CENCO, Fayulu, Shadary

Par Yvon Muya 

C’est ce qu’on appelle faire d’une pierre deux coups. Sans le vouloir, vraiment, c’est pourtant le résultat auquel la Conférence épiscopale nationale du Congo a abouti à l’issue de l’élection présidentielle du 30 décembre 2018 en Republique Démocratique du Congo. Auteure du rapport d’observation le plus en vue de ces scrutins, la CENCO a distribué les cartes. Celles reçues par Emmanuel Shadary et Martin Fayulu resteront particulièrement douloureuses. Explications.

«La CENCO constate que les données en sa possession issues des procès-verbaux consacrent le choix d’un candidat comme président de la république». C’est ce jeudi 3 janvier 2019 que les évêques venaient de ‘’tuer’’ le candidat du Front Commun pour le Congo, la coalition mise en place par Joseph Kabila.

En brandissant l’identité d’un vainqueur dont eux seuls avaient le secret, les prêtres Catholiques renvoient une grosse pression sur le pouvoir, qui tient encore en ce moment-là à imposer son poulain. Car dans la foulée, virulent, le FCC dénonce l’attitude ‘’partisane, irresponsable et anarchique’’.

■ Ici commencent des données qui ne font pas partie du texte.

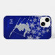 Voici le cas de téléphone parfait pour tous ceux qui aiment le ski alpin! Il est entouré d'un skieur gris argenté avec une cascade de jolis flocons d'argent. En bas à gauche se trouve votre monogramme, également en argent. L'image et le texte sont placés sur un vif arrière - plan de dégradé bleu roi.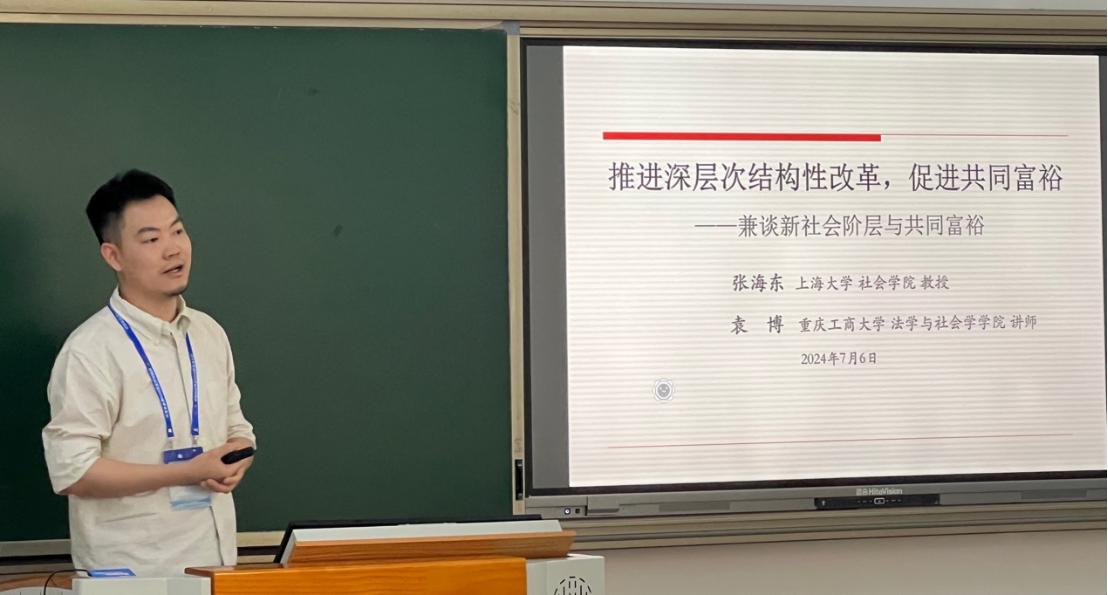 上海大学社会公司张海东教授、重庆工商大学社会学系讲师袁博作了题为《推进深层次结构性改革,促进共同富裕——兼谈新社会阶层与共同富裕》的报告。他们认为要实现共同富裕的远景目标,就必须在经济结构改革的基础上,同时推进社会层面的深层次结构性改革,破除结构性不平等因素,实现基本公共服务均等化,以增进人民福祉为首要目标。就新社会阶层而言,尽量消除各类社会结构壁垒,促进社会流动,提升与完善社会保障制度也是一个紧迫而且事关全局的大问题。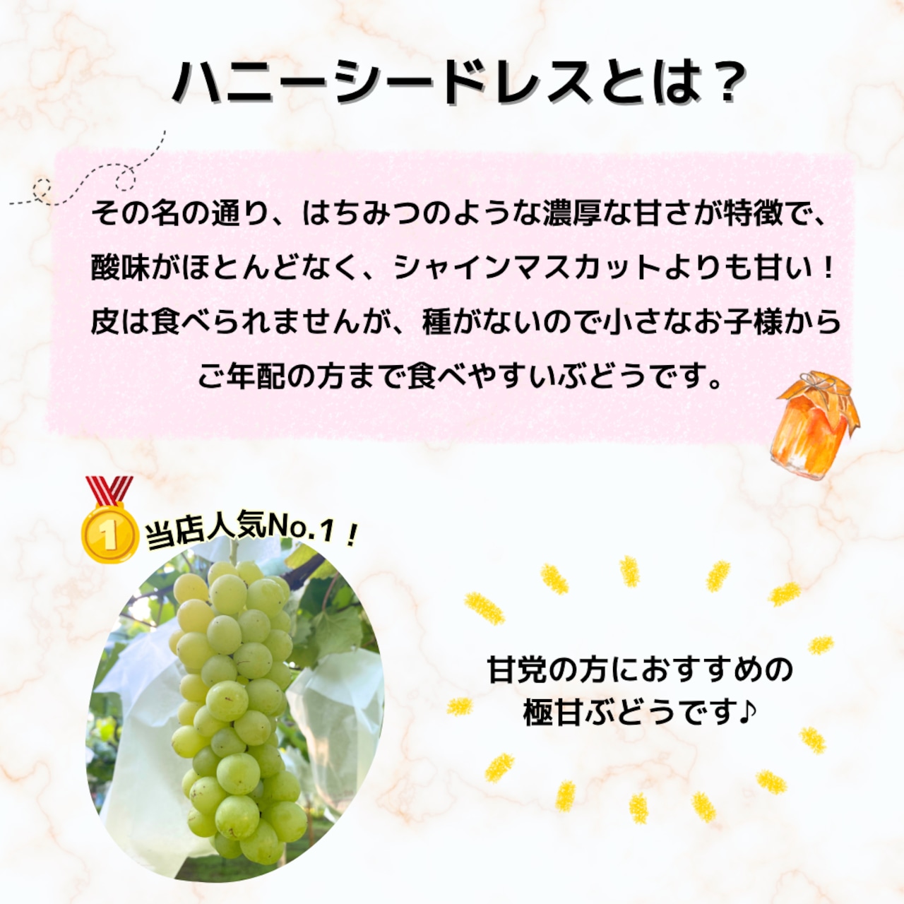 はちみつのような甘さ! 希少ぶどう「ハニーシードレス」詰め合わせセット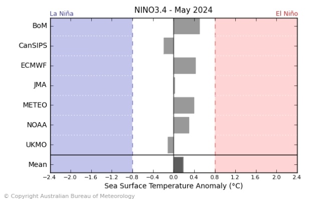 Comparação entre as projeções para a anomalia da temperatura da superfície do mar na região do Nino3.4 no mês de maio. De acordo com o centro australiano, valores entre ±0.8°C em relação à média histórica, é considerado como Neutralidade do fenômeno El Niño. Fonte: BOM.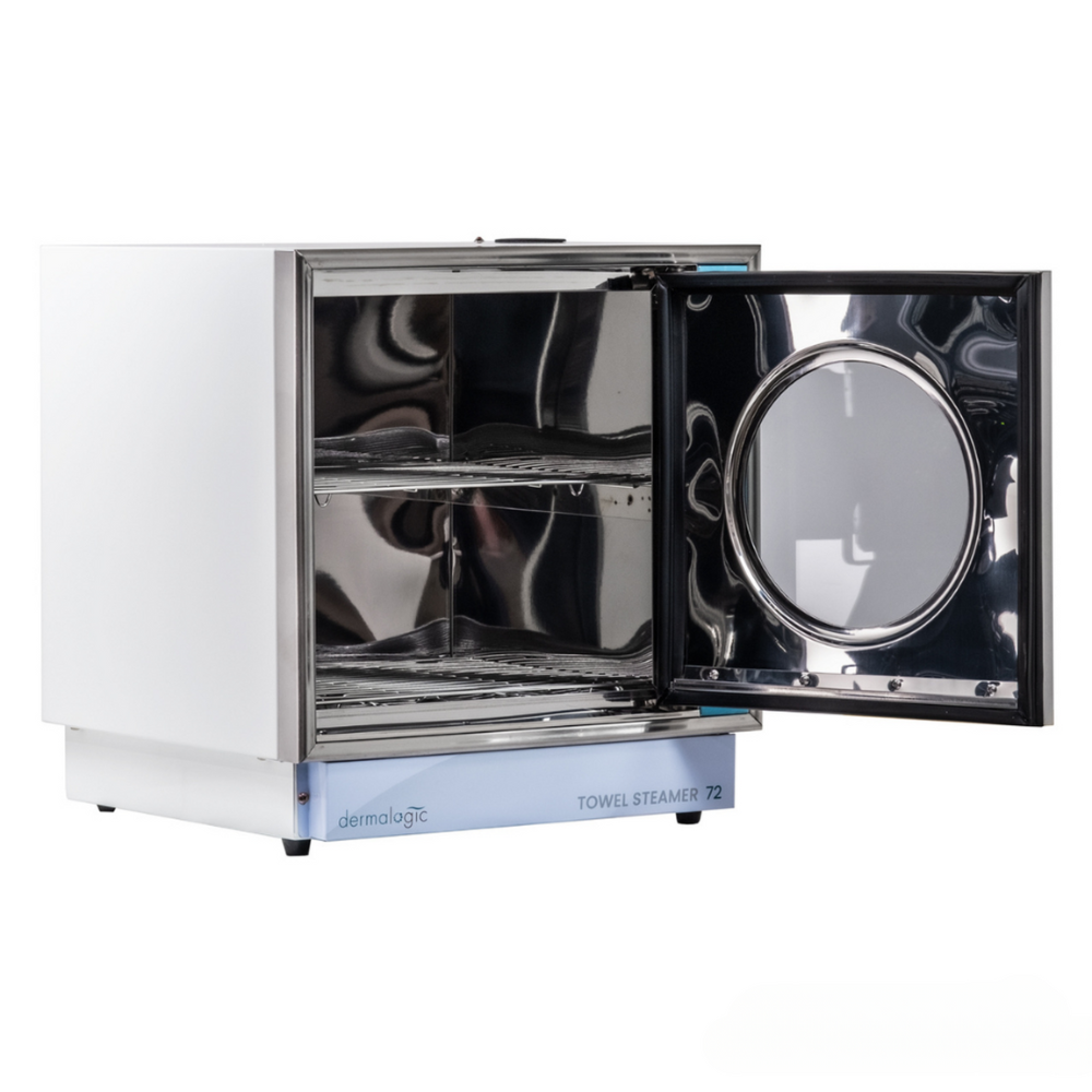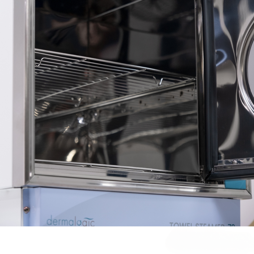 Introducing the Dermalogic Towel Steamer 72, the perfect solution for maintaining a steady supply of hot towels in your salon. Designed with efficiency and convenience in mind, this steamer features spacious shelves to accommodate up to 72 towels, ensuring your clients always receive the best service. With a sleek stainless steel exterior, indicator lights for easy water level monitoring, an auto shut-off feature for enhanced safety, and an adjustable temperature thermostat, the Dermalogic Towel Steamer 72 is an essential addition to any professional salon. Elevate your salon experience with this reliable and stylish towel steamer.

Le passage en force devient à haut risque 

Ce ton ferme, est pourtant de façade, puisqu en coulisse, « personne n’imaginait défier l’Église Catholique avec tout le risque que celait représentait », confie un ministre FCC. Trois jours seulement séparent alors les états-majors politiques du 6 janvier, date initiale de l’annonce des résultats provisoires. Voilà qui engage une course à la montre. Alors que, de Financial Times à la RTBF en passant par La Libre Belgique ou encore le New York Times, des fuites dévoilent le secret ‘’mal gardé’’ de la CENCO, en faveur du candidat de Lamuka.

À l’autre bout de l’échiquier la contre-attaque s’organise, le cheval numéro 13 n’est plus le cheval gagnant. Trop faible pour l’emporter face aux deux géants de l’opposition mais surtout candidat désormais dans un contexte clivant, à haut risque, devant la montée en puissance des évêques, Emmanuel Shadary – qui a peut-être parlé trop vite au soir du scrutin –  doit s’effacer. Pendant que Kinshasa s’embrase des fameuses rumeurs, coup de massue, qui font état des contacts, intenses, entre Félix Tshisekedi et le clan Kabila. La suite on la connait.

CENCO, une cartouche finalement mouillée

De son côté, conforté par les appels quasi unanimes des missions d’observations électorales « au respect du vote exprimé par le peuple congolais », Martin Fayulu, qui sent en ce moment la vague monter, tente de déjouer l’ultime stratégie d’un Felix Tshisekedi qui n’a plus d’yeux que pour Joseph Kabila. Celui-ci n’est plus un « dictateur » mais un « partenaire de l’alternance démocratique en RDC’’.  Pas question pour Martin Fayulu de laisser à son rival le monopole des chants de sirènes dans les oreilles du chef de l’État. Joseph Kabila, dira aussi, le candidat de Lamuka, « est un citoyen congolais dont la place est ici au Congo ». Trop tard. Le président sortant semble se convenir déjà des garanties offertes par l’autre camp.

Il ne reste alors au candidat numéro 4 que…la carte CENCO. Distancé par Félix Tshisekedi, Martin Fayulu dénonce violemment un « putsch électoral » et appelle l’épiscopat à ‘’publier ses résultats’’. Le refus des princes de l’église est poli mais catégorique. « En cas d’une éventuelle contestation de résultats provisoires par une partie, nous l’exhortons à user des moyens de droit conformément à la Constitution et à la loi électorale. », a déclaré la CENI privant ainsi le fondateur de l’ECidé de sa dernière et précieuse cartouche.

Elle s’était mobilisée contre un passage en force d’Emmanuel Shadary, voilà la CENCO obligée de lâcher également Martin Fayulu. Laissant à Félix Tshisekedi un boulevard grand ouvert.